Liquid crystal elastomers undergoing directional actuation and deformation in response to electrical fields
Hayden Fowler, a graduate student in Gallogly Professor Timothy White’s Responsive and Programmable Materials Group, is the first author on a research paper published in Advanced Materials concerning the temperature-independent electrical actuation of liquid crystal elastomers (LCEs), which are soft, stimuli-responsive materials with potential applications in soft robotics, artificial muscles and more.
These LCEs are crosslinked polymer networks of rod-like units whose orientation enables the control of their formations, including directional actuation and 3-D deformations. Heat and light have traditionally been used as stimuli to control LCEs in laboratory environments, but are not viable in independent devices due to poor efficiency and responsiveness.
Fowler took inspiration from nature in tackling this research challenge.

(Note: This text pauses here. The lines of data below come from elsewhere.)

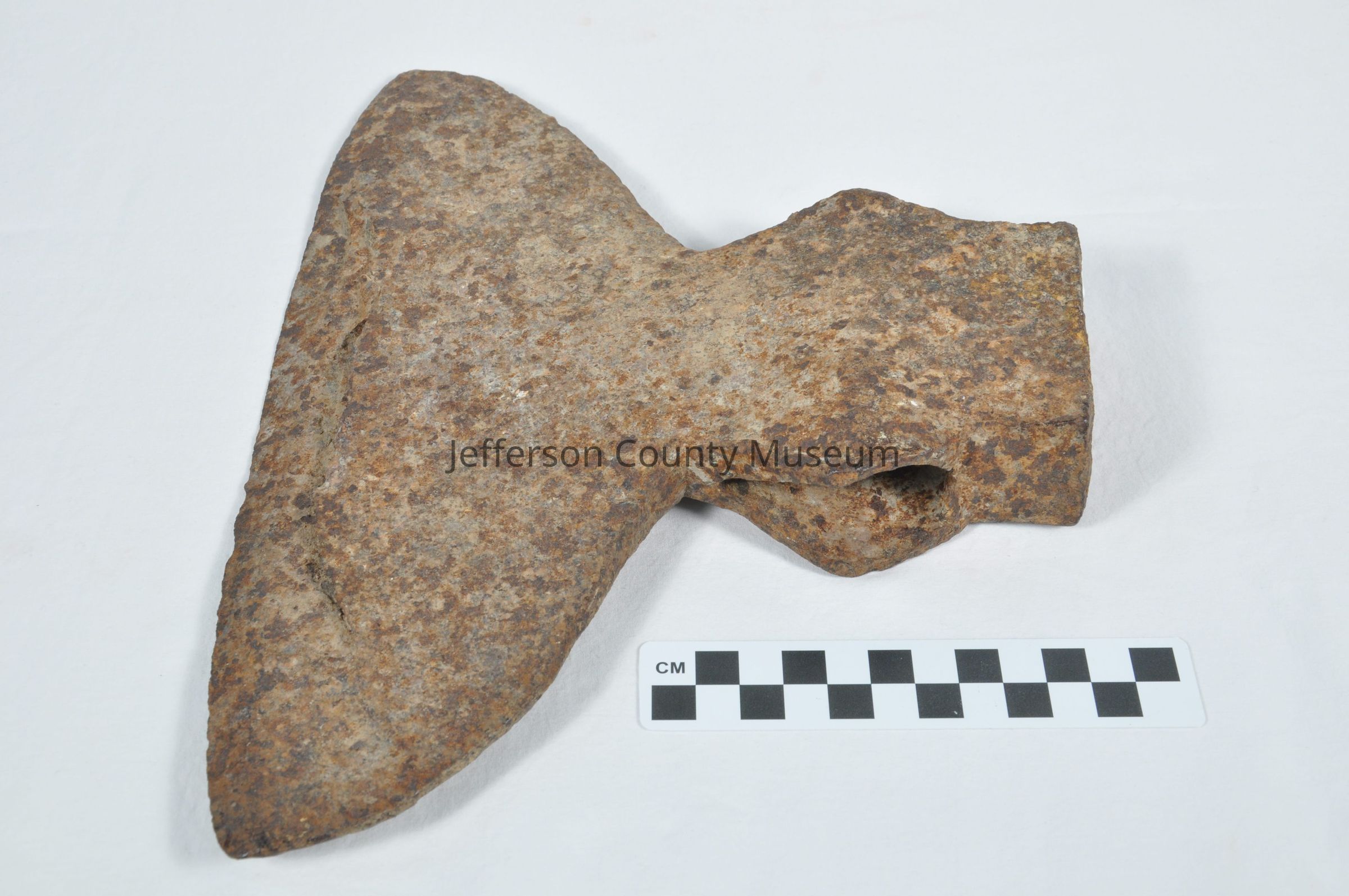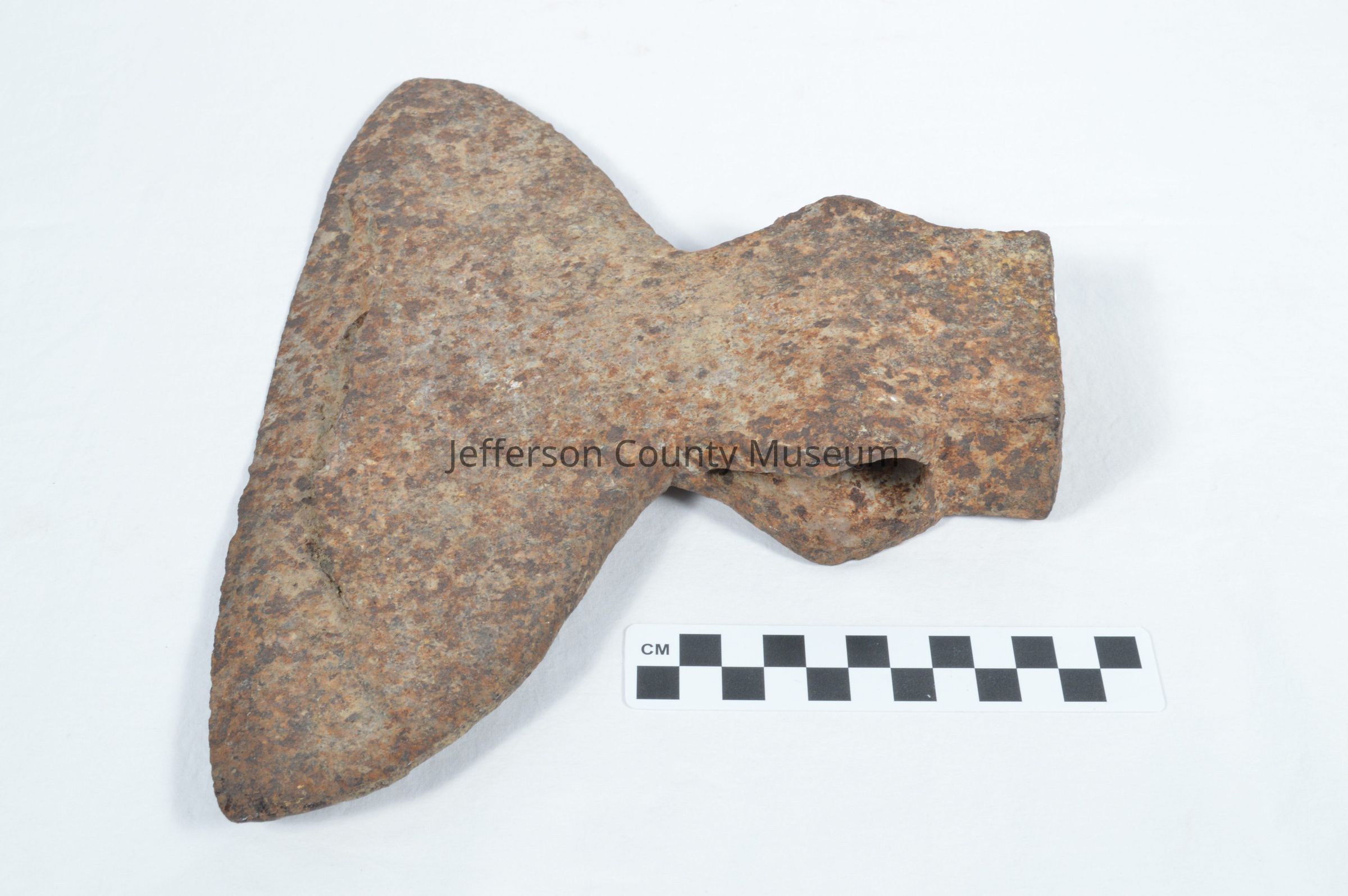 Broadax head. Late colonial period. About 1 1/2 inches from cutting edge is split but the metal is attached at upper and lower edges.Acquisition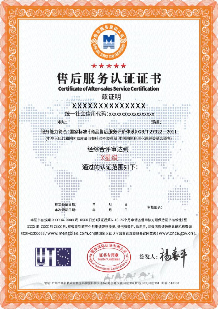 GB/T27922商品售后服务评价体系认证是指对企业的服务体系、、、、商品服务、、、顾客服务三大方面进行评价。。。售后服务认证是服务认证,,与管理体系认证不是一个类别,,,,它使用的GB/T27922标准是一个评价性质的标准,,,,关键词是“评价体系”,,认证目的是评出优秀。。认证的结果是证明企业按照标准实施了服务,,,并达到了某一个高度(星级)。。。。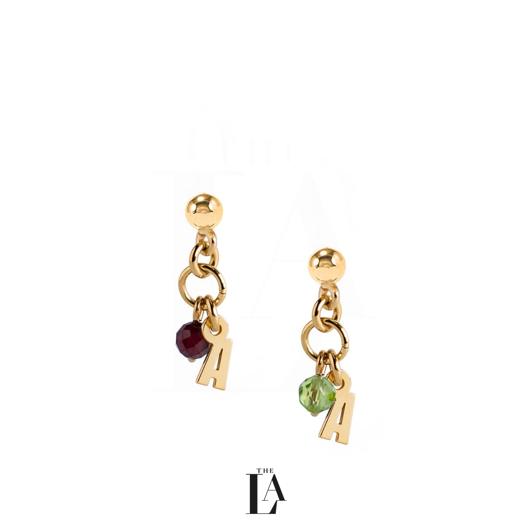 Złote Kolczyki Literki Kamień Urodzeniowy THE MOM
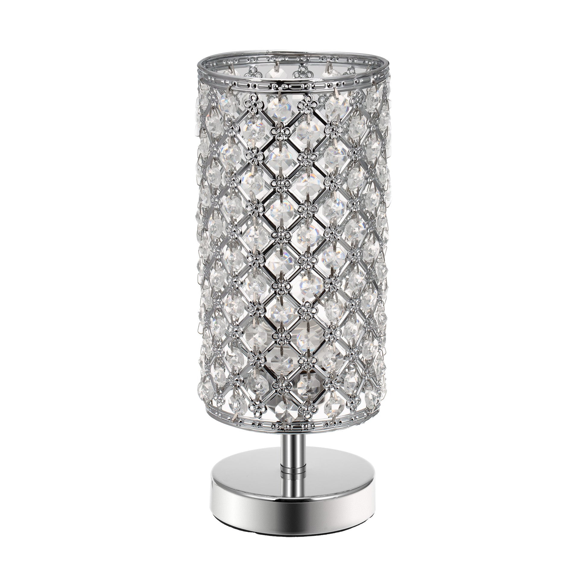 Silver Finish 1-Light Crystal Table Table Lamp, Nightstand Lamps for Bedroom, Guest Room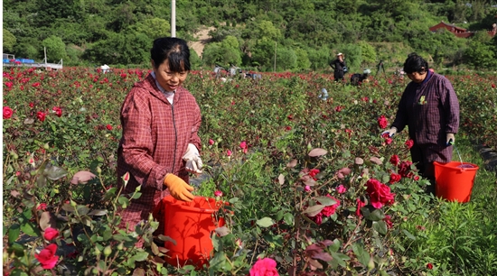 据介绍,当地种植的玫瑰花为墨红玫瑰花,也是食用玫瑰品种之一。由于受海拔、气温等因素影响,墨红玫瑰花的花期也会稍显不同。在我市,玫瑰花的花期持续时间较长,从今年4月开始,可一直持续到9月,花期长达5个月,具有可观的观赏性。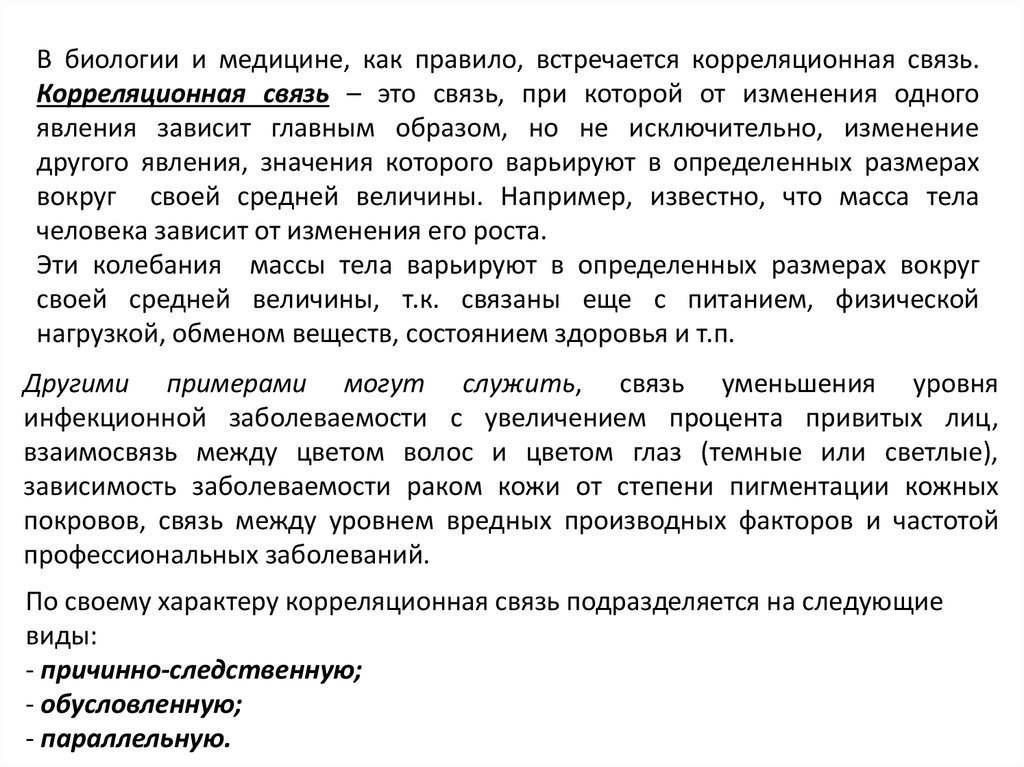 В биологии и медицине, как правило, встречается корреляционная связь.Корреляционная связь – это связь, при которой от изменения одного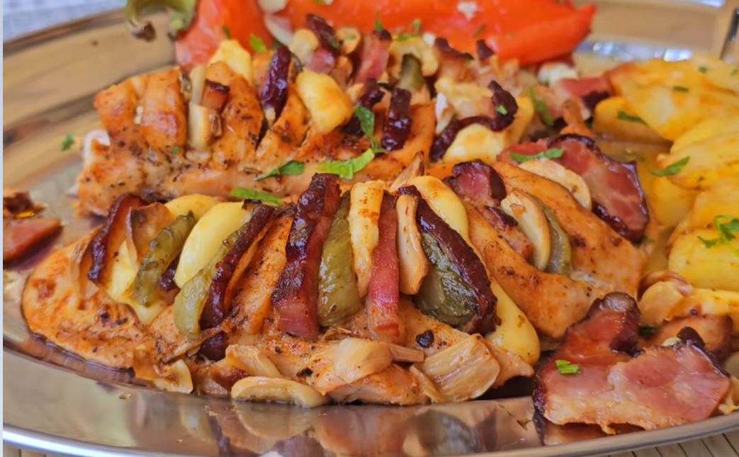 Meso iseći po širini kao harminiku. Utrljati začine za piletinu i u prosečeni deo ubaciti listove dimljene slanine listove kačkavalja i listiće krastavčića. Na kraju rasporediti listiće belog luka. Utrljati začine za piletinu i u prosečeni deo ubaciti listove dimljene slanine listove kačkavalja i listiće krastavčića. Na kraju rasporediti listiće belog luka. Možete malo pokriti na početku folijom pa posle otkriti da se lepo zarumeni. Kad se malo prohladi služiti uz krompiriće.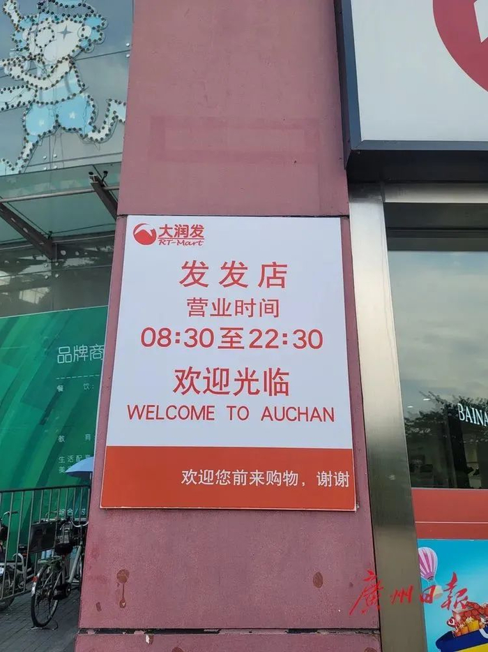 据广州日报,记者了解到,目前大润发在广州有5家门店,分别是花都店、新塘店、番禺店、增城店和发发店。8月16日下午,记者来到位于广州市天河区奥体南路12号高德汇购物中心1~2F的大润发欧尚发发店。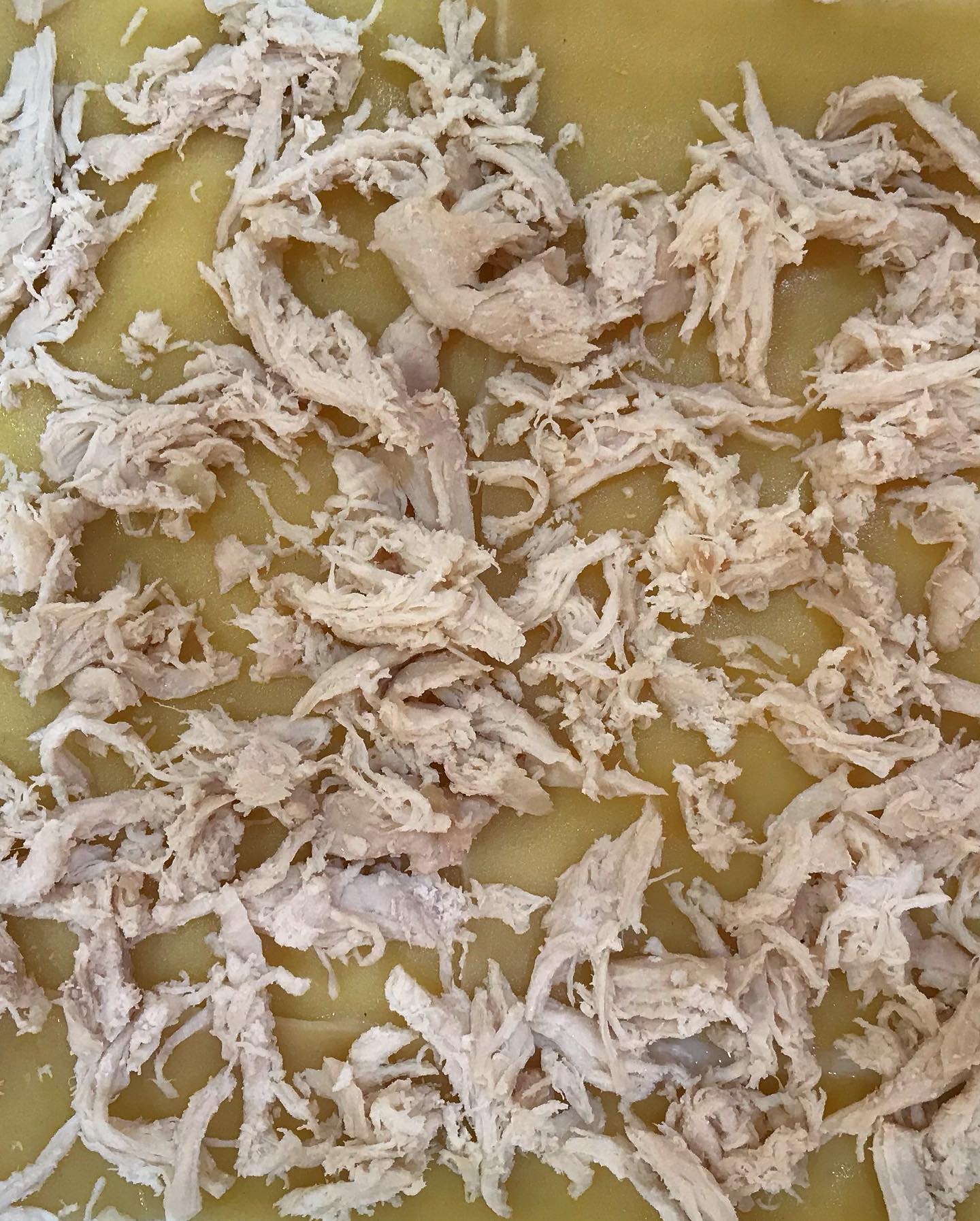 ابتدا سینه مرغ را با یک عدد پیاز و کمی و نمک و فلفل سیاه داخل قابلمه بریزید و مقداری آبجوش روی مرغ ریخته و بگذارید تا سینه مرغ را پخته شود. سینه مرغ را بعد از پخت از آب مرغ خارج و صبر کنید تا خنک شود. سپس مرغ را ریش ریش کنید.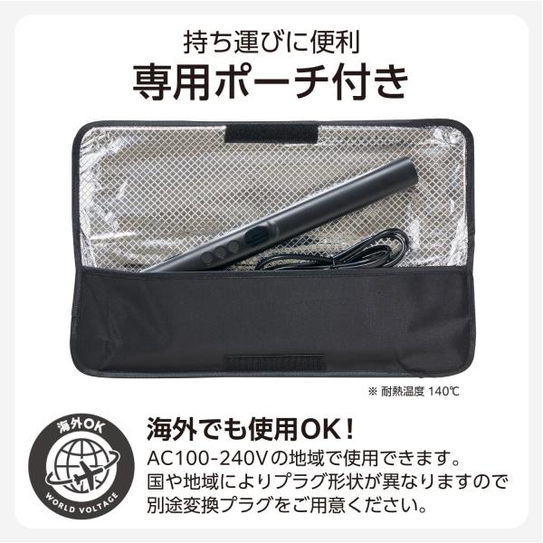 テスコム ストレートアイロン マイナスイオン ナノセラミックコーティング 25mm 120~200℃ 海外対応 自動OFF 開閉ロック 専用ポーチ付 1.7m ブラック TS360A-K

“Many naturally occurring systems can efficiently and effectively convert input energy into mechanical response,” Fowler said. “For example, the human hand integrates sensing, structure and actuation to accomplish high force as well as gentle dexterity. However, it is an ongoing challenge to incorporate all these capabilities into man-made or robotic systems.”
Fowler, White and their partners sought to apply a controlled electric field to manipulate the LCEs. They applied electrodes to opposite sides of an LCE formation. Because LCEs can be aligned and directed, they expanded in “softer” directions with response times much faster than traditional heat and light methods.
“I have really enjoyed working with Hayden thus far on their research,” said White. “They did a great job to drive this difficult project to completion. Hayden worked closely with Dr. Philipp Rothemund of the Keplinger group to quickly come up a learning curve in this new area of research for my group. I’m excited to see where Hayden takes their research as they finalize their PhD.”
Professor Christoph Keplinger and his postdoctoral associate Philipp Rothemund of the Max Planck Institute for Intelligent Systems in Stuttgart, Germany provided essential contributions to the research.
“Keplinger and Rothemund were instrumental in bringing me up the learning curve on this project, and Rothemund contributed his knowledge of modeling these types of actuators to theoretically predict their performance based purely on the physical, measurable properties of the materials,” Fowler said.
White is an expert in synthesis and alignment of LCE materials, Fowler said, noting his knowledge gained at the Air Force Research Lab helped push the project forward. They credited White’s group and the Department of Chemical and Biological Engineering as possessing unique strengths in processing and characterizing the materials used in the research. White’s group was also prepared to test and evaluate performance in materials actuator applications.
“One of my goals is to improve the materials chemistry, and therefore the performance, of these actuators,” Fowler said. “I am interested in probing the effects of network structure, processing, phase behavior and monomer content on the properties of the material that affect their performance as electromechanical actuators. These include but are not limited to the material’s recoverability, dielectric properties and stiffness.”